(51) Al-Majiid (Yang Maha Mulia)
Al-Majiid dalam sifat-Nya searti dengan al-‘Azhiim
(Yang Maha Besar, sudah diuraikan di muka). Al-Majdu dalam bahasa
berarti kemuliaan, misalnya al-Majiid al-A’thaa, yakni, yang banyak
memberi ihsan.
Ihsan Allah Swt kepada hamba-hamba-Nya yang bersifat
samar dan tersembunyi, adalah pemeliharaan dan penjagaan-Nya atas hati (qalb),
dan terhadap kemurnian saat-saat yang telah dilalui oleh mereka. Ini merupakan
pemberian nikmat yang sebesar-besarnya. Mengingat ujian-Nya yang amat berat
adalah kecintaan hati.
Ketika seseorang sudah benar-benar hatinya terjaga dan
senantiasa kontak dengan Allah, maka rasa sakit yang ada pada tubuhnya sudah
tidak terasa lagi. Al-Qusyairi menunjuk seorang sufi bernama Samnun, ketika
asyik mendendangkan beberapa bait syair pujian dengan suaranya yang amat merdu
dengan diiringi tabuhan, ia seringkali memukul pahanya. Karena keasyikannya,
daging pahanya membengkak dan berdarah, namun ia tidak merasakan sakit apa pun.
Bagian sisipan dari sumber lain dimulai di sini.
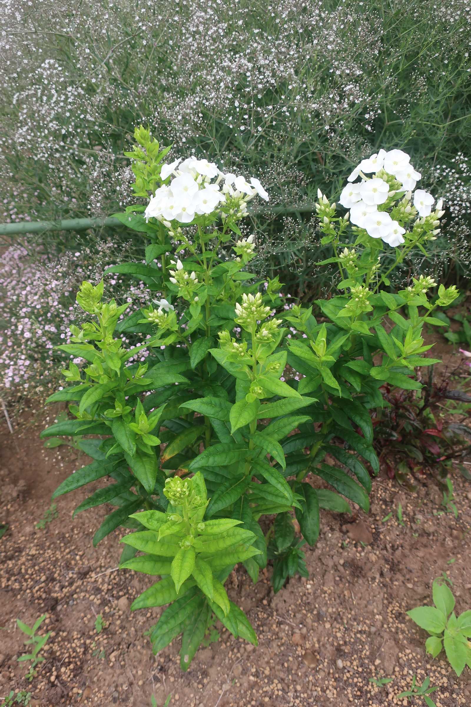 ここのフロックス・ジェイドは、他のフロックスより早く咲く。 今年で2年目の株立ち。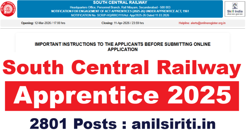 SCR Apprentice Recruitment 2026 Out, 2801 Post: RRC South Central Railway (SCR) Act Apprentice Recruitment 2025-26: South Central Railway ने 2,801 Act Apprentices की भर्ती के लिए Notification जारी किया है। Telangana, Andhra Pradesh, Maharashtra, Karnataka, Tamilnadu और Madhya Pradesh के eligible districts के candidates Apply कर सकते हैं। 13 Trades (Electrician, Fitter, COPA, Welder, AC Mechanic आदि) में Training दी जाएगी। Qualification: 10वीं में minimum 50% marks + ITI। Age: 15 से 24 वर्ष (SC/ST/OBC को relaxation)। Selection Merit Based होगा — कोई Written Test नहीं। Application Fee मात्र ₹100 (SC/ST/Female/PwBD को Free)। Online Apply 12 March से 11 April 2026 तक करें।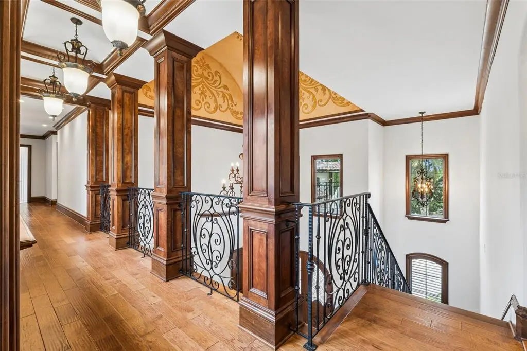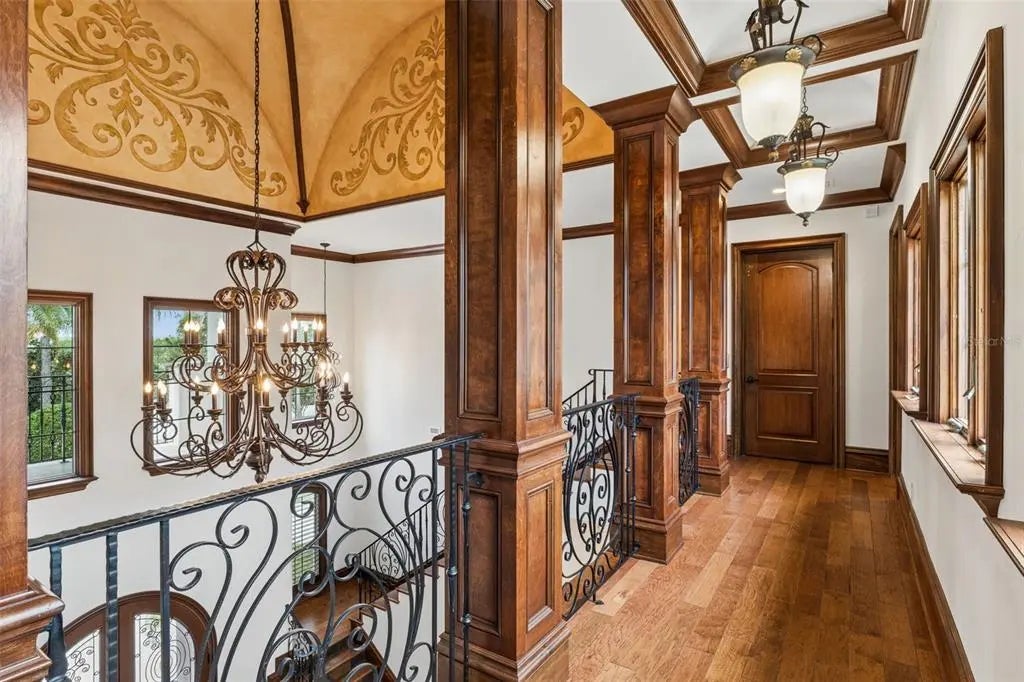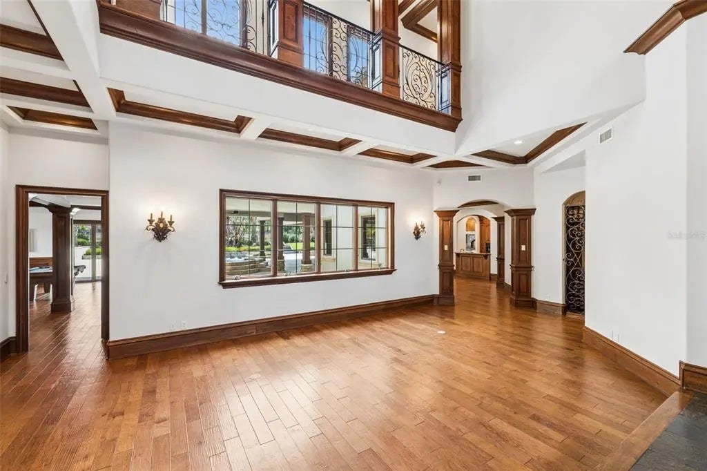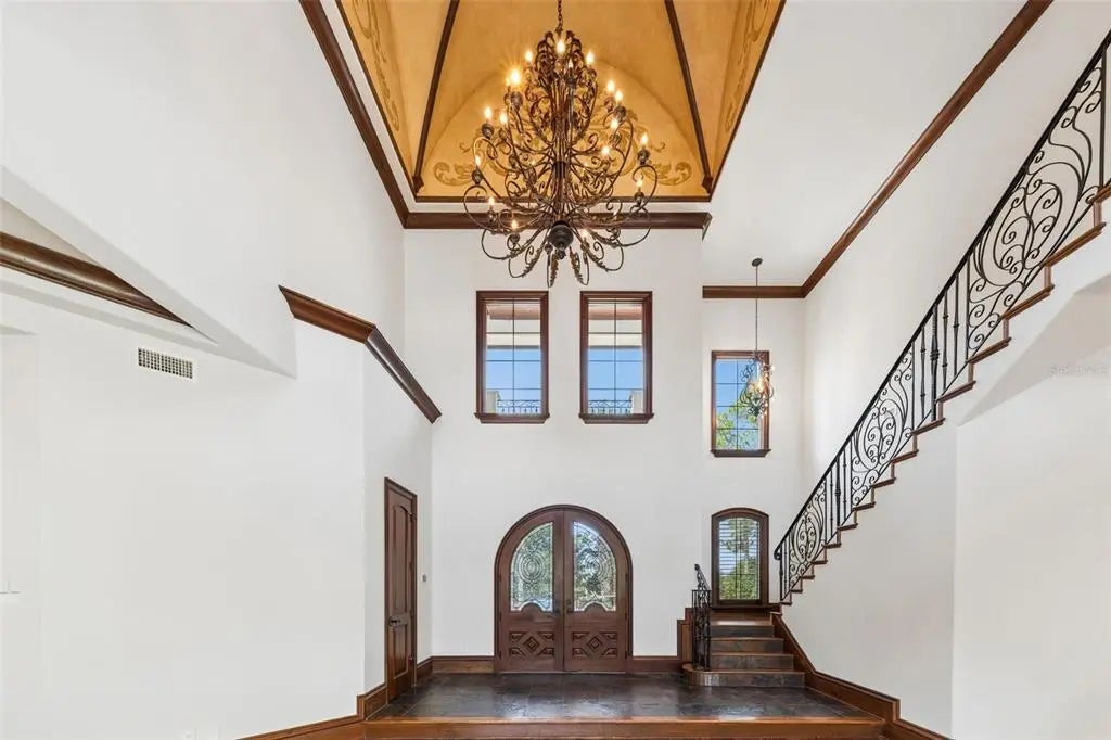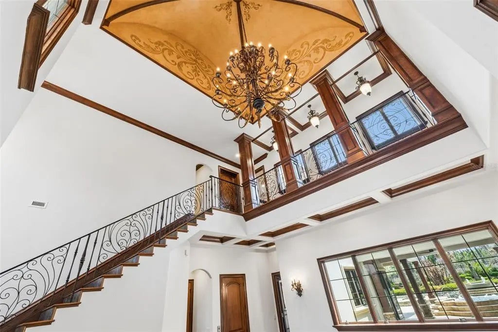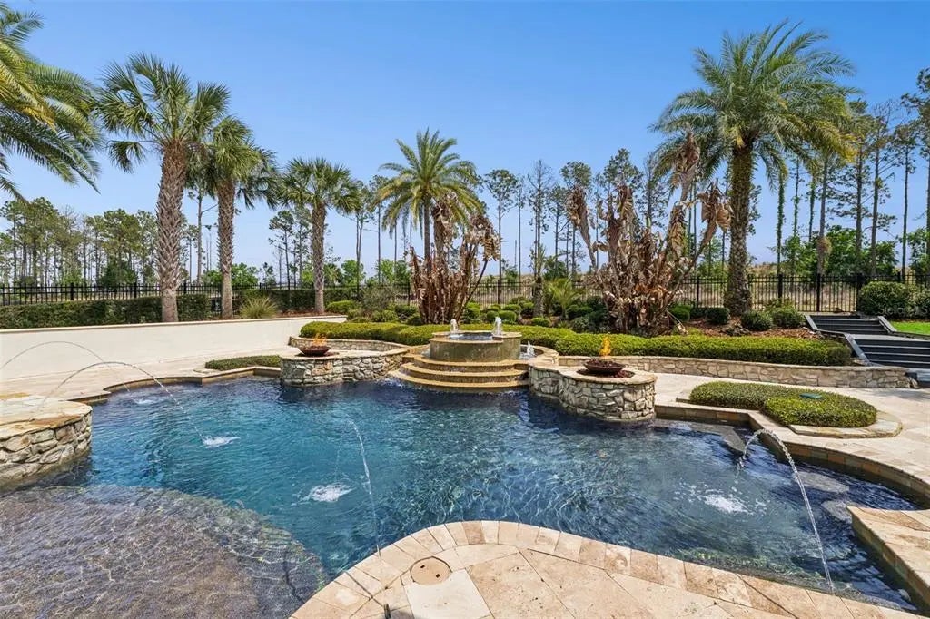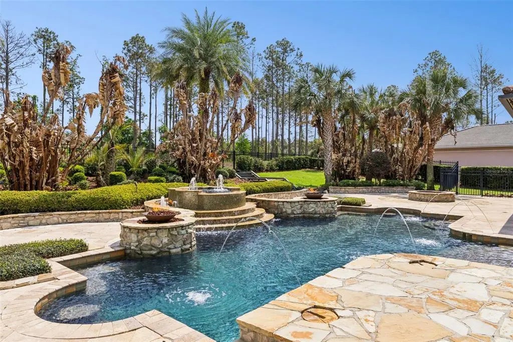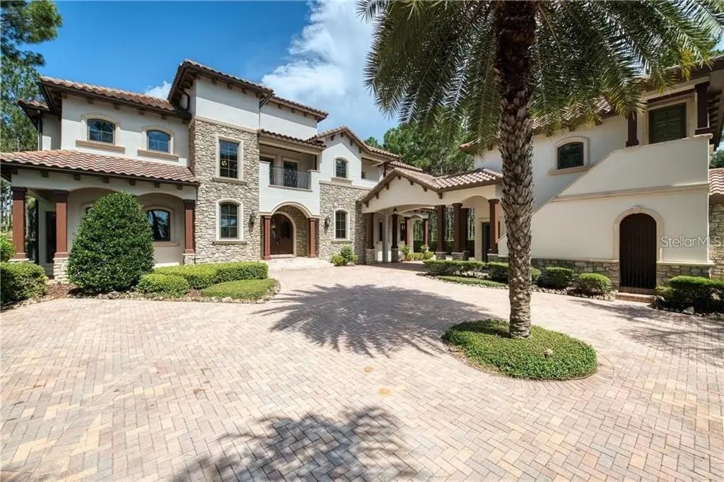 Welcome to this extraordinary custom estate in Bella Collina, Central Florida’s premier private, guard-gated golf community. Perfectly positioned on an expansive homesite framed by mature trees and lush landscaping, this grand residence blends timeless architecture with modern luxury and exceptional privacy. From the moment you arrive, the impressive stone elevation and stately presence set the tone for what awaits inside. Ornate double doors open to a dramatic two-story atrium, introducing oak plank-style flooring throughout the main level and refined architectural details including custom oak panels, pillars, and designer millwork. The expansive chef’s kitchen is a true showpiece, featuring a six-burner Wolf range, dual Sub-Zero refrigerator/freezers, prep bar, hidden butler’s pantry, and adjoining laundry room (the first of two). The kitchen flows seamlessly into the generous living area, where 90-degree mitered sliding glass doors and a massive picture window frame breathtaking views of one of the finest resort-style pool environments in the community. The first floor also offers a guest suite and a fully equipped entertainment/media room with wet bar and direct access to the pool deck—ideal for hosting gatherings of any scale. A full-home Crestron automation system enhances convenience, comfort, and control throughout. Upstairs, accessible by a secondary staircase off the dining area (and elevator service), you’ll find a versatile flex room, private office, two additional guest bedrooms, a second laundry room, and the secluded owner’s retreat. The primary suite is a true sanctuary, featuring exposed beams, tray ceiling detail, custom baseboards, private balcony overlooking the pool, and an expansive spa-inspired bath with separate water closets, spa tub, dual vanities, and custom oak closet systems. Outdoor living rivals the finest luxury resorts. The custom-designed pool showcases travertine pavers, multi-person spa, swim-up seating, sun shelf, and elegant fountain features. All pool equipment has just been completely replaced, offering peace of mind and enhanced efficiency for years to come. A large fire pit gathering space, fully equipped summer kitchen with custom hood, and a private courtyard with pergola, fireplace, and television create multiple venues for entertaining year-round. Additional highlights include: Elevator servicing multiple levels Two double garages with generous parking Above-garage apartment with full kitchen and bath featuring engineered wood flooring. Mature landscaping providing exceptional privacy Residents of Bella Collina enjoy a lifestyle unlike any other, with a Nick Faldo-designed championship golf course, resort-style pool, fitness center with complimentary classes, tennis and pickleball courts, full-service spa, and multiple dining venues - all just minutes from Montverde Academy and major highways. This is a rare opportunity to own a truly grand custom estate designed for luxurious everyday living and unforgettable entertaining. A private showing is highly recommended to fully appreciate everything this exceptional home provides. Seller will Defer $40,000 Sports Membership Deposit at Closing.

Inilah bait-bait syair yang mempesonakannya itu:
Dulu, memang kumiliki hatiku
Kini entah ke mana perginya
Dulu aku hidup bersamanya
Kini hilanglah sudah
Apa yang dulu bersamaku
Karena bolak-balik tidak menentu
Ya Tuhan, kembalikan hendaknya
Apa yang pernah kupunyai
Agar tidak sempit diriku.
Ada
pula seorang sufi melakukan thawaf di Baitullah sambil bersajak:
Aduhai betapa sedih setelah bahagia
Betapa pula hinanya setelah mulia
Oh! Beginilah rasanya kehilangan setelah pertemuan.
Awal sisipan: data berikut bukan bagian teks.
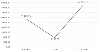 Наибольшую долю занимают вклады до 200 тысяч рублей: в 2014 году их доля составляла 38,14%, на 2015 года составляет 27,89%. Вклады размером от 200 до 400 тысяч рублей составляют около 19% на начало анализируемого периода, а на 1 января 2016 года их доля составляет уже 15,3%. Вклады размером от 400 до 700 тысяч рублей в 2014 г. занимают около 16%, а в 2016 г. их доля сократилась до 14,9%. Все остальные вклады наибольшего размера возросли как в абсолютном выражении, так и в относительном.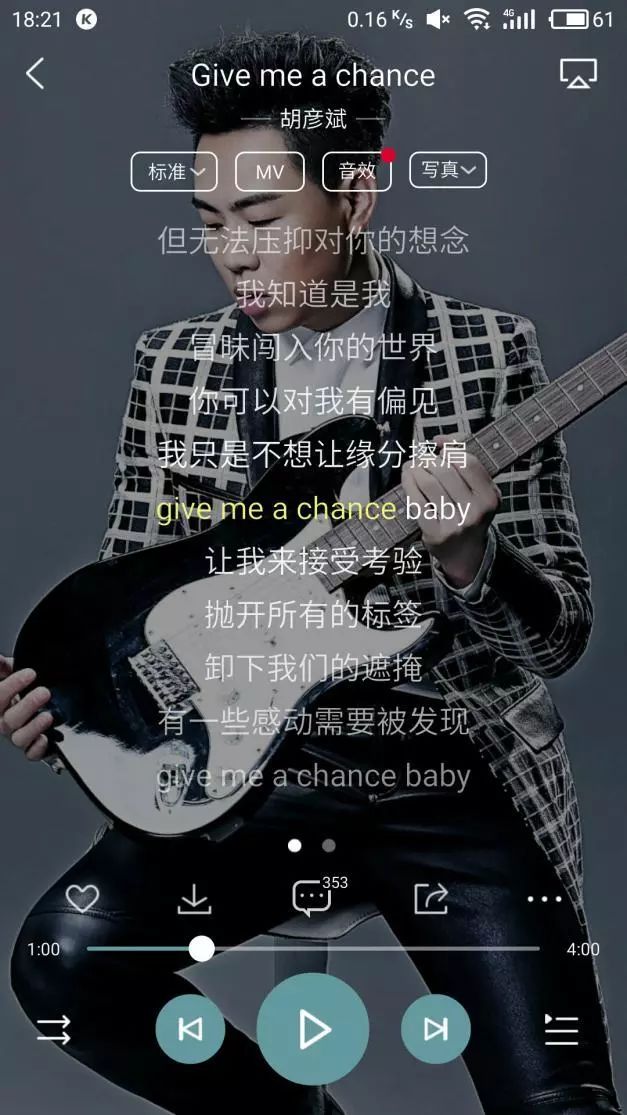 这种声浪在今天凌晨达到了顶峰。因为胡彦斌凌晨在酷狗发了新歌,歌名叫《Give me a chance》,翻译过来就是“给我一次机会”。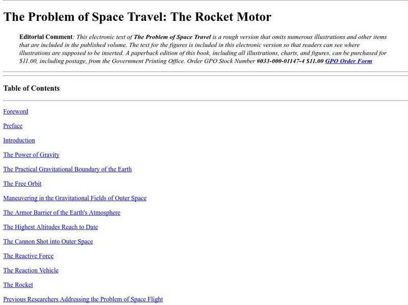 An online version of a book pertaining to task of launching rockets into space and subsequently navigating them through space. The first several "chapters" (pages) describe the influence of gravity on Earth and the barriers which it...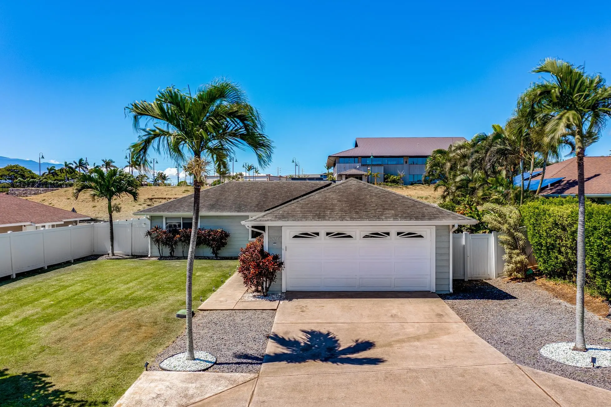 Welcome to Nanea at Kehalani, where you'll discover one of the best values in Wailuku! This move-in ready home is perfectly located in the heart of Wailuku Town, just a short walk from Kehalani Foodland, Long's Drugs, and the Maui Lani Village Center. Enjoy cool evening breezes in your private, fully enclosed back and side yards, ideal for entertaining. The home boasts an open floor plan with 3 bedrooms and 2 bathrooms, featuring high-end laminate flooring and tile throughout. Every room is equipped with split system AC, and the home is powered by 16 photovoltaic panels for enhanced energy efficiency. Additionally, the property includes a two-car garage, offering ample storage and convenience. Experience the finest of Wailuku living at Nanea at Kehalani!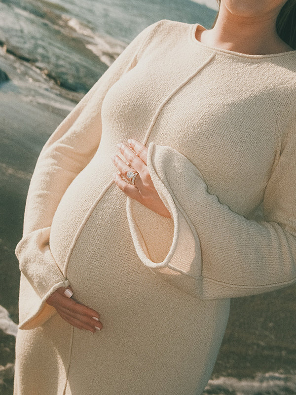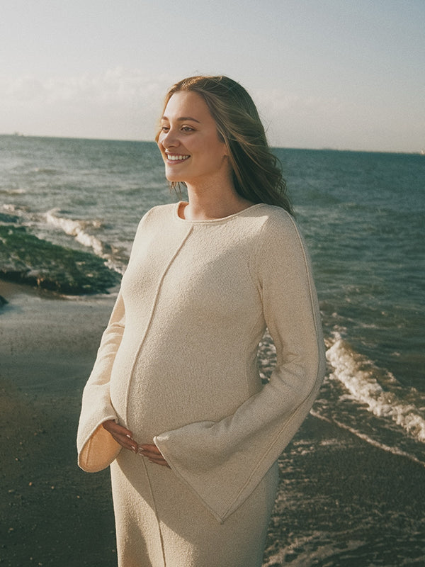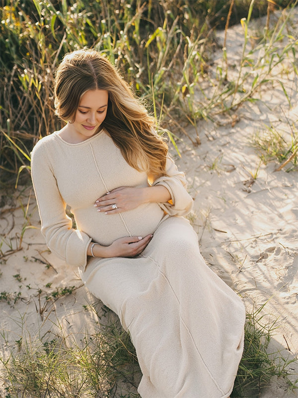 Mumsmode Zwangerschaps Bodycon Jurken Elegant Fotoshoot Gebreide Gestreept Zeemeermin Maxi Daily Jurken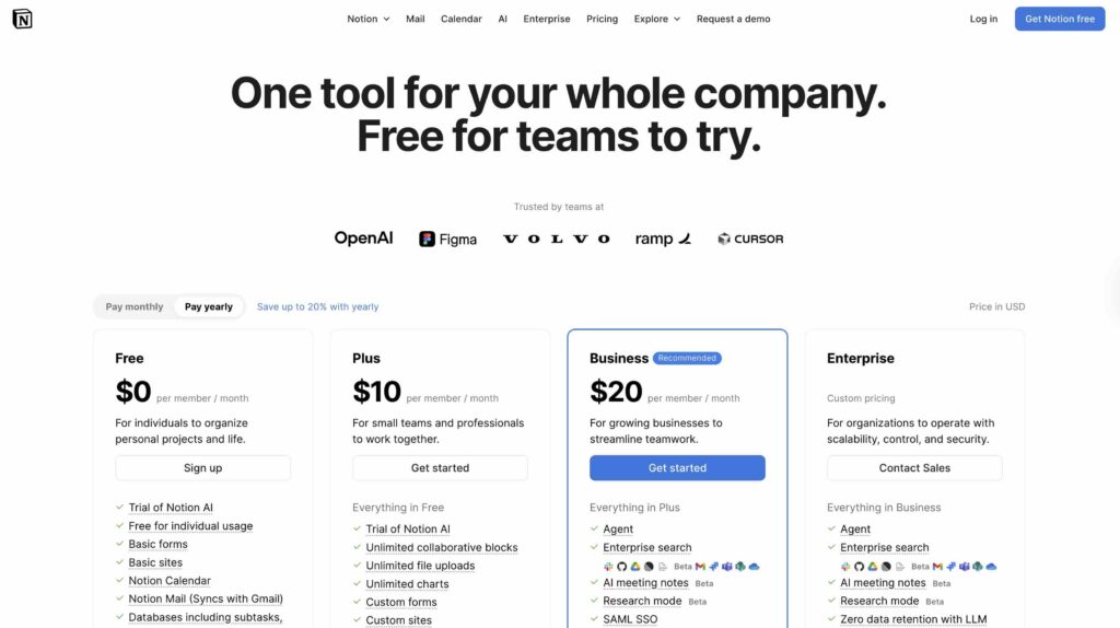 Notion’s pricing structure confused 6 out of 10 personas. The page showed $0 for the free tier, $10 for Plus, then jumped to $20 for Business marked as “recommended” without explaining why.

Ketika ditanyakan kepadanya, “Apakah Anda kehilangan sesuatu
atau terkena suatu musibah?” Ia menjawab, “Tidak, aku dulu mempunyai qalbu,
tetapi sekarang entah ke mana perginya”.
‘Abd Allah ibn Khafif bercerita, “Aku pernah menjumpai
seorang yang minta-minta di Mesir,
ia berkeliling dan kepada setiap
orang yang dijumpai ia berkata, ‘Kasihanilah diriku, aku ini adalah seorang
sufi yang kehilangan modal’. Aku pun bertanya kepadanya, ‘Mungkinkah seorang
sufi memiliki modal?’ Dia menjawab, ‘Dulu aku mempunyai hati, tetapi sekarang
entah ke mana’”.
Ketahuilah sekarang, sekiranya Allah Swt menghendaki untuk
membahagiakan hamba-Nya, maka hamba itu pun dikayakan tanpa harta, dicukupi
tanpa upaya dan dimuliakan tanpa bersusah payah; dan apabila yang dikehendaki
adalah kemalangan, maka hamba itu diakhiri dengan kesibukan yang
sekonyong-konyong dan menerima pembalasan siksa secara mendadak.